*TRY IT*. Return each line of the records below in which the string "with" turns up.

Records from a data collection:
[Start of section]

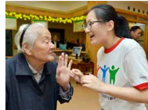
宁波分行志愿者在活动中为老人耐心进行讲解 A volunteer with HSBC Ningbo supports an old lady in an activity
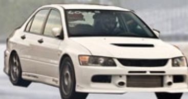
Awd Motorsports World's Quickest Evo Street Car 8.98@156mph
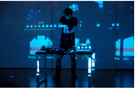
Figure 5: Performance

The authors gave ten live performances using this "B.O.M.B." at domestic and international events. In these events, the authors confirmed that our proposed wireless synchronization system worked in stable condition. It is suggested that our system demonstrate the practicality of wireless synchronization. In future, the authors will evaluate the device in terms of its stability in multi-performer musical sessions.
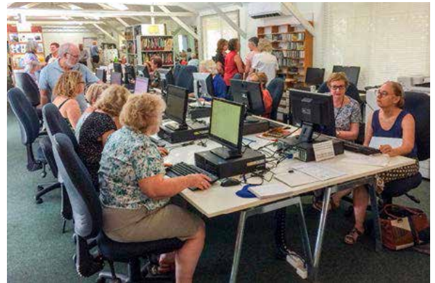
GSQ Volunteers helping Open Day visitors with their family history research
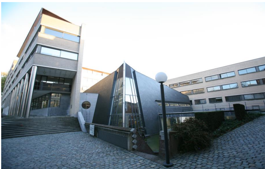
Faculty of Economics and Business - Leuven Campus
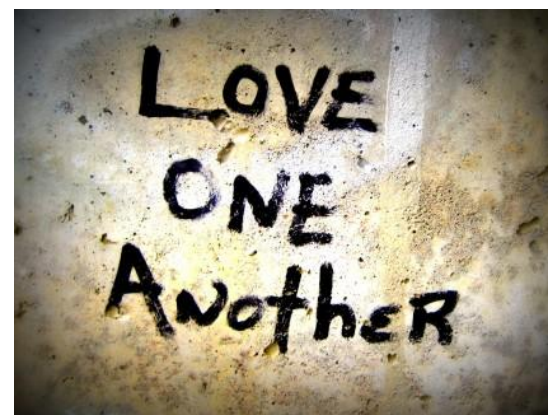
A New Commandment

(search: Parish of St. Margaret of Scotland)
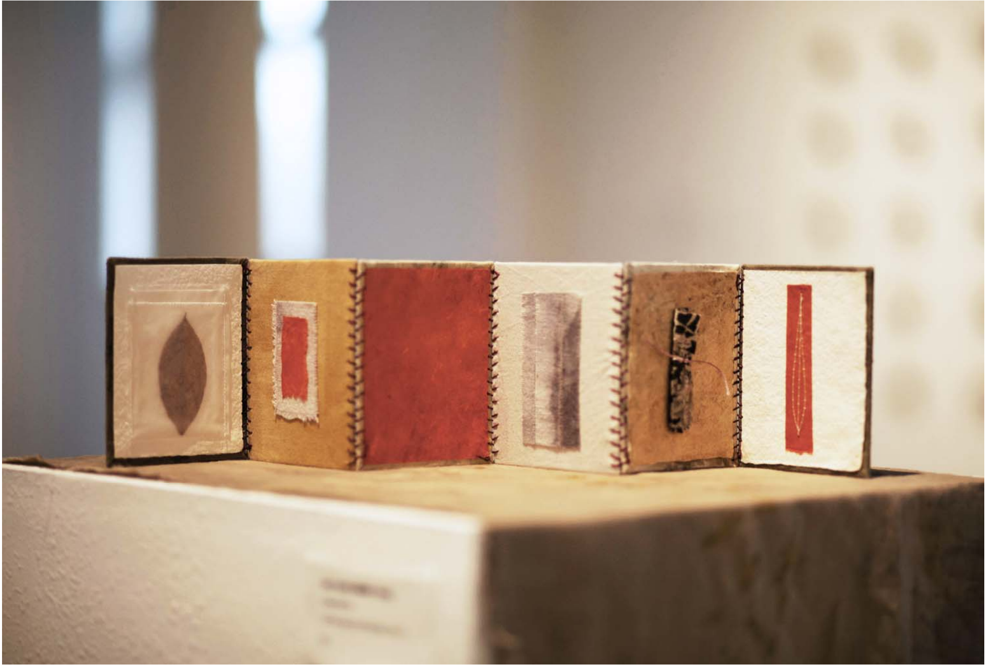
Figure 7: Soft Earth Memory Vessel.

[End of section]

*RESPONSE TO THIS EXERCISE*.
宁波分行志愿者在活动中为老人耐心进行讲解 A volunteer with HSBC Ningbo supports an old lady in an activity
GSQ Volunteers helping Open Day visitors with their family history research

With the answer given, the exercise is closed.